Exercise aim -
Locate "Обжарить свинину." in the listing below, then output the line holding it and every line after it, exactly and with nothing else.

────────────────

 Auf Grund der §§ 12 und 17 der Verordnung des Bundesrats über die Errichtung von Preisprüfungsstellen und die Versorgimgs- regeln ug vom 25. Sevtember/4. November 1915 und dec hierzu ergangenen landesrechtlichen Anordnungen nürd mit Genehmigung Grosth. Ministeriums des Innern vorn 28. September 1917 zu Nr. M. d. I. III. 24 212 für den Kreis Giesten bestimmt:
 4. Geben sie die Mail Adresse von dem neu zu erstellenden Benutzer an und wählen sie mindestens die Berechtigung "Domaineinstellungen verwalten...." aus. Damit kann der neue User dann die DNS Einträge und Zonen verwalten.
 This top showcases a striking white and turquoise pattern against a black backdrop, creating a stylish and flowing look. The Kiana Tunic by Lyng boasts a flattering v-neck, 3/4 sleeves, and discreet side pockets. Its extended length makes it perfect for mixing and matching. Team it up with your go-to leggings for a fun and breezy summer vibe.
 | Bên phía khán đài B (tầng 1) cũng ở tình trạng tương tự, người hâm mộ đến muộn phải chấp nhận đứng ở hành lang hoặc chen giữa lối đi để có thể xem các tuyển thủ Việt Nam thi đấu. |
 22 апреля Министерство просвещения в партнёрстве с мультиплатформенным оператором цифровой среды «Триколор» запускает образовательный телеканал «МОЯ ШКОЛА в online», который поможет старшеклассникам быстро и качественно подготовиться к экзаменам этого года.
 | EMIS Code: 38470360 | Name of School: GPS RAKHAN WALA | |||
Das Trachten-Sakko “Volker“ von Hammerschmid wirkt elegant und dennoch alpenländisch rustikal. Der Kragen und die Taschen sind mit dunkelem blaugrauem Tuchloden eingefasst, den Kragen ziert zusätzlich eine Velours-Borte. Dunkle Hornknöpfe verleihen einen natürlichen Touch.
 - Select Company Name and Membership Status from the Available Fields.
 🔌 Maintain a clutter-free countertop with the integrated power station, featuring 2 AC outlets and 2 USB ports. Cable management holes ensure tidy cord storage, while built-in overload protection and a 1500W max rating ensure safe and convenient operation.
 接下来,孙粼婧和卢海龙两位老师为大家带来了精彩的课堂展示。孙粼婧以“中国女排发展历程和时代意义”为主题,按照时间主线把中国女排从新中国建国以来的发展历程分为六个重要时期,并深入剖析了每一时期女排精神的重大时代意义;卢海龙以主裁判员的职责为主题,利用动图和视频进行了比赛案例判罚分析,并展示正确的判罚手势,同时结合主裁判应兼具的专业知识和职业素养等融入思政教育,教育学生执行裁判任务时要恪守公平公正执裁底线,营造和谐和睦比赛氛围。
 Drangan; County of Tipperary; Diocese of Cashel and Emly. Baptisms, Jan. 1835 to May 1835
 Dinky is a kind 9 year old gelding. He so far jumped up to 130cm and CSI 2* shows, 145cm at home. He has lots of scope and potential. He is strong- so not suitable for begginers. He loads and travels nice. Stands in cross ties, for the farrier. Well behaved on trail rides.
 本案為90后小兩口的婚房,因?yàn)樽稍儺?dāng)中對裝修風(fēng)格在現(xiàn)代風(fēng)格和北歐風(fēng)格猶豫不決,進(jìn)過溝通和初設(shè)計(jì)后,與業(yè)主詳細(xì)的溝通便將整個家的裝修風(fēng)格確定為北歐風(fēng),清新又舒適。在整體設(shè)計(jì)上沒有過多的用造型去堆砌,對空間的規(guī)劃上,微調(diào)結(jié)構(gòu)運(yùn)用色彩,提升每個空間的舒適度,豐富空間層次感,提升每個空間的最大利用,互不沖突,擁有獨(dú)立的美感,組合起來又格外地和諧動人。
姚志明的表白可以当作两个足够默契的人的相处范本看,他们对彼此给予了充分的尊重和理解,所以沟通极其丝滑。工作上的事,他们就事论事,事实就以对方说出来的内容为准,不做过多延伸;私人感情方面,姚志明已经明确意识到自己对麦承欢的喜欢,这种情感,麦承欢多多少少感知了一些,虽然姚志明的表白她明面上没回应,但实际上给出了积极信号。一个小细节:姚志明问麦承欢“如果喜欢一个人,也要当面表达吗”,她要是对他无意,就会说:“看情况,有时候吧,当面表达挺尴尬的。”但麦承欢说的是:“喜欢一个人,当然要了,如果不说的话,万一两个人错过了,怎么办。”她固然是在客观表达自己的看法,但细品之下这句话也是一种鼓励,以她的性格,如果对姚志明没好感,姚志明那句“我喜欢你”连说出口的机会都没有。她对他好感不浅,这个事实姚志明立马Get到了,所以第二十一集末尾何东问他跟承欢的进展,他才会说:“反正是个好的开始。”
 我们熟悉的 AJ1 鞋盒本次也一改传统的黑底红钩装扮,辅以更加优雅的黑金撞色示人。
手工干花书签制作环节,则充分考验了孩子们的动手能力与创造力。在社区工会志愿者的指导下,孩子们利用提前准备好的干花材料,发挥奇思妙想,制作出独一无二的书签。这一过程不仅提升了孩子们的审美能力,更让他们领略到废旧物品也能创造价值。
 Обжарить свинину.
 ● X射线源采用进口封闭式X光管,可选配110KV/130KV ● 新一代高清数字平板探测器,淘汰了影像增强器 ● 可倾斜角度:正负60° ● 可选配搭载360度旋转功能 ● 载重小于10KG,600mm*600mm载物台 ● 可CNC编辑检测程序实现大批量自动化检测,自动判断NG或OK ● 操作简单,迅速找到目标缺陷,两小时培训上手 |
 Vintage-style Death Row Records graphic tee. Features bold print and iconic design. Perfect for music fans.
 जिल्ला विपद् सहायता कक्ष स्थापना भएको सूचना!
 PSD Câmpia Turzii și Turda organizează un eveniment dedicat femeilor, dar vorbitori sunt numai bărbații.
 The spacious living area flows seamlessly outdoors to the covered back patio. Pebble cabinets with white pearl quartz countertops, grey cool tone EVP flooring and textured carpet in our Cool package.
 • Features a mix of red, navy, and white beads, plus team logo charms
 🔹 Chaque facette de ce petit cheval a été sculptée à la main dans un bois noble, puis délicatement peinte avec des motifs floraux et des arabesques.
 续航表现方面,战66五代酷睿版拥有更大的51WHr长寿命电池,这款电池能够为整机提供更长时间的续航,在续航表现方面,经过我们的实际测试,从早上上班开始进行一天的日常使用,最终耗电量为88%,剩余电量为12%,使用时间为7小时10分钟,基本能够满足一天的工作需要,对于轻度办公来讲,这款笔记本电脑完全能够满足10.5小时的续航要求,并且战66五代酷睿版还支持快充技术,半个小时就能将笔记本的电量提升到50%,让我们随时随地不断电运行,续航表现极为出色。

────────────────

Response to this task -
 Обжарить свинину.
 ● X射线源采用进口封闭式X光管,可选配110KV/130KV ● 新一代高清数字平板探测器,淘汰了影像增强器 ● 可倾斜角度:正负60° ● 可选配搭载360度旋转功能 ● 载重小于10KG,600mm*600mm载物台 ● 可CNC编辑检测程序实现大批量自动化检测,自动判断NG或OK ● 操作简单,迅速找到目标缺陷,两小时培训上手 |
 Vintage-style Death Row Records graphic tee. Features bold print and iconic design. Perfect for music fans.
 जिल्ला विपद् सहायता कक्ष स्थापना भएको सूचना!
 PSD Câmpia Turzii și Turda organizează un eveniment dedicat femeilor, dar vorbitori sunt numai bărbații.
 The spacious living area flows seamlessly outdoors to the covered back patio. Pebble cabinets with white pearl quartz countertops, grey cool tone EVP flooring and textured carpet in our Cool package.
 • Features a mix of red, navy, and white beads, plus team logo charms
 🔹 Chaque facette de ce petit cheval a été sculptée à la main dans un bois noble, puis délicatement peinte avec des motifs floraux et des arabesques.
 续航表现方面,战66五代酷睿版拥有更大的51WHr长寿命电池,这款电池能够为整机提供更长时间的续航,在续航表现方面,经过我们的实际测试,从早上上班开始进行一天的日常使用,最终耗电量为88%,剩余电量为12%,使用时间为7小时10分钟,基本能够满足一天的工作需要,对于轻度办公来讲,这款笔记本电脑完全能够满足10.5小时的续航要求,并且战66五代酷睿版还支持快充技术,半个小时就能将笔记本的电量提升到50%,让我们随时随地不断电运行,续航表现极为出色。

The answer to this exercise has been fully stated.